Many people still think of Henry as this big bloated fat guy that they see in portraits but that was only the case in the last years of his life.  People know, or knew, very little about Henry’s early life and there are a lot of clichés about Henry and his wives which people have accepted uncritically and I was interested to examine and humanise these. And I was aware, of course, that it had to be entertaining because if drama isn’t entertaining it won’t work and, ultimately, it will be pulled.


Director Ciaran Donnelly

‘The Tudors’ episodes have been helmed by several directors. Talent such as Emmy winner Dearbhla Walsh (Little Dorrit), Jeremy Podeswa (The Five Senses) and Steve Shill (Dexter) joined Ciarán Donnelly in bring Michael Hirst’s vision to life. Donnelly, who won an Irish Film & Television Award in 2009 for his work on the series, describes how the concept of ‘The Tudors’ was explained firstly to Michael Hirst and subsequently passed on:

Ciarán Donnelly The vision or idea of the series is very, very simple.  The idea of the series, as it was pitched to Michael, is ‘The West Wing in the Tudor era’ so essentially you’ve got a president or a king and a number of people who are or are not on his side, politically speaking.  The power that this man has is God-like, he has the power of life over death. And that was basically it – it’s a court; a political court, a social court, a gossip court. . . it’s essentially a precinct. 

Armed with this vision of ‘The Tudors’ cast and crew set to work in May 2006. At this point Michael harboured hopes that the show would run for four series but, as with every pilot, the writer knew that nothing was certain:

MH: I always wanted it to go the four series, because that was how it had panned out in my head, but I absolutely never knew that we were going to go that far. Sometimes you can’t tell beforehand, you don’t know and all you can do is hope that you are writing something that will connect with people but you can’t know that it is going to happen. And then when you slowly become aware that it is happening then you feel humbled and moved. There is still a kind of magic to it. As a writer you are just stuck in a room somewhere writing this stuff on your own and you don’t know whether it is going to connect and it’s wonderful that ‘The Tudors’ has. 

So, what has been the secret to success of ‘The Tudors’? Michael has a theory:

MH: There are a number of things at play. I think the show works at a soap opera level and I think people get embedded in the characters simply through wanting to know what happens next.  I think in America it’s called ‘Addicted to Television’ - once you start watching it you can’t stop because you are desperate to know what happens and, of course, with ‘The Tudors’ I think the audiences is often involved in the story, in the characters and, as I say, the production values were extremely high and it seemed to work across cultures, ages and sexes – although I would say probably the biggest audience for the Tudors is women. 

I think another reason why these things have worked so well is because I never looked at the show from the outside in - I didn’t look at Henry as an iconic being, I looked at the show from the point of view of the characters – human beings in extreme situations and then wondered how they would react, as human beings, in those situations and I think that people connect with that. I have taken these people out of the museum and that is the simplest way of putting it. 

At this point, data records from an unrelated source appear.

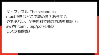 ザ・ファブル The second contact ザ・ファブル The second contact 9巻はどこで読める?あらすじやネタバレ、全巻無料で読む方法も検証(rawやhitomi、zip/pdf利用のリスクも解説)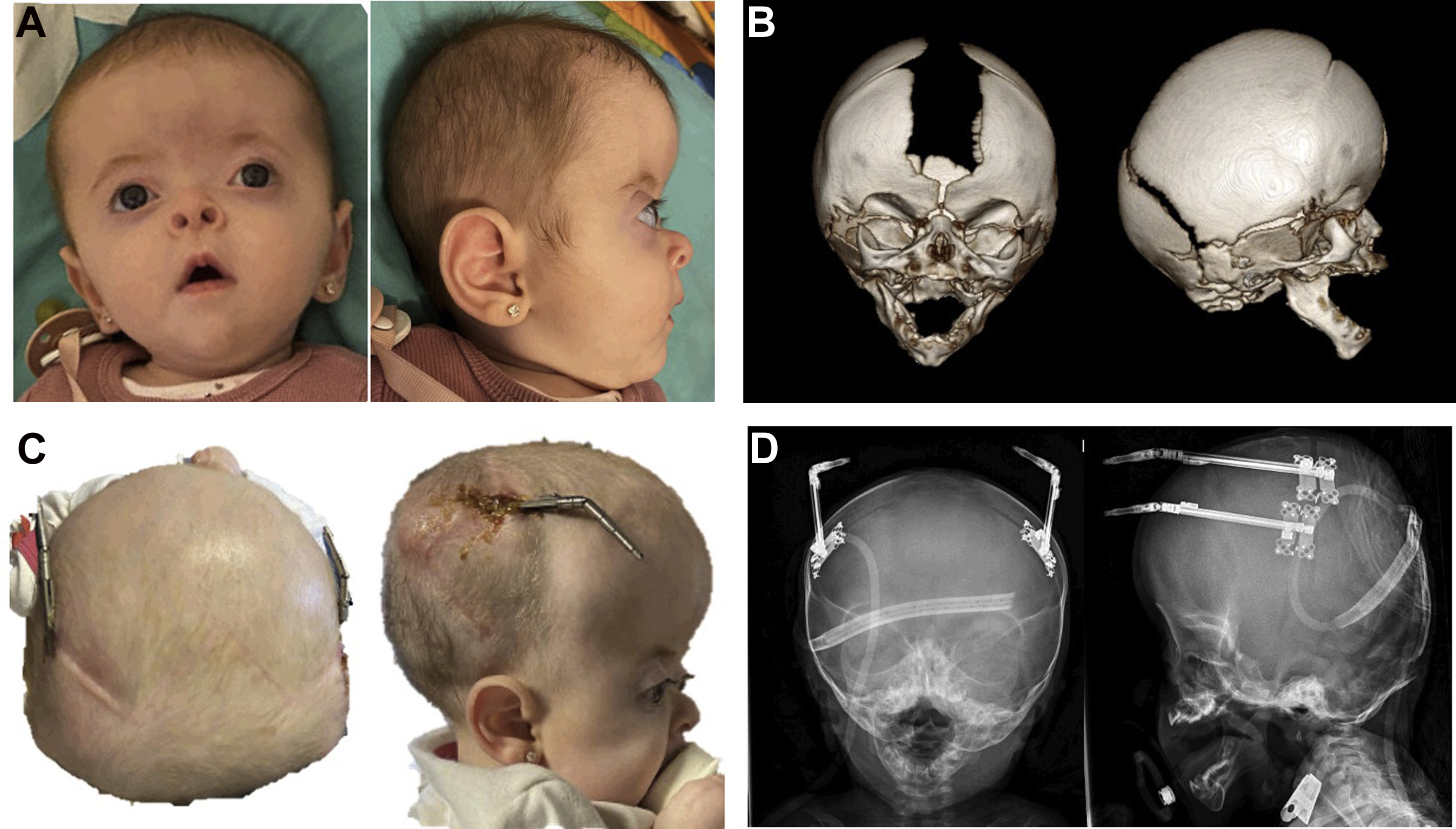 A 6-month old baby girl with Apert syndrome and bicoronal CS who underwent PVDO in a posterior-inferior vector to achieve intracranial expansion and address her turribrachycephaly ( Fig. 5 ). The total distraction distance was 35 mm. Before PVDO, she had a gastrostomy tube placed to assist with nutrition and nasal dilation for choanal stenosis.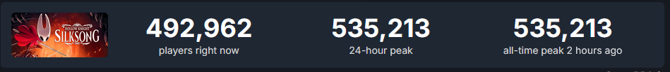 arrow-up1250arrow-down1external-linkHollow Knight: Silksong Is Out Now — but It's So Popular It's Crashing Storefronts Including Steamwww.ign.comalessandro@lemmy.ca to PC Gaming@lemmy.caEnglish · 4 months agomessage-square53linkfedilink

Director Ciarán Donnelly has further musings on the subject, describing how different directors brought their creativity to the series.
 

CD: I think each director brought new elements to the show. We are all given a script which we have to make work. We want to try and put our stamp on it, keep it visually interesting and try to get scenes out of the sets and onto locations as much as we can so there is a constant discussion going on which means everyone is on the same wavelength. 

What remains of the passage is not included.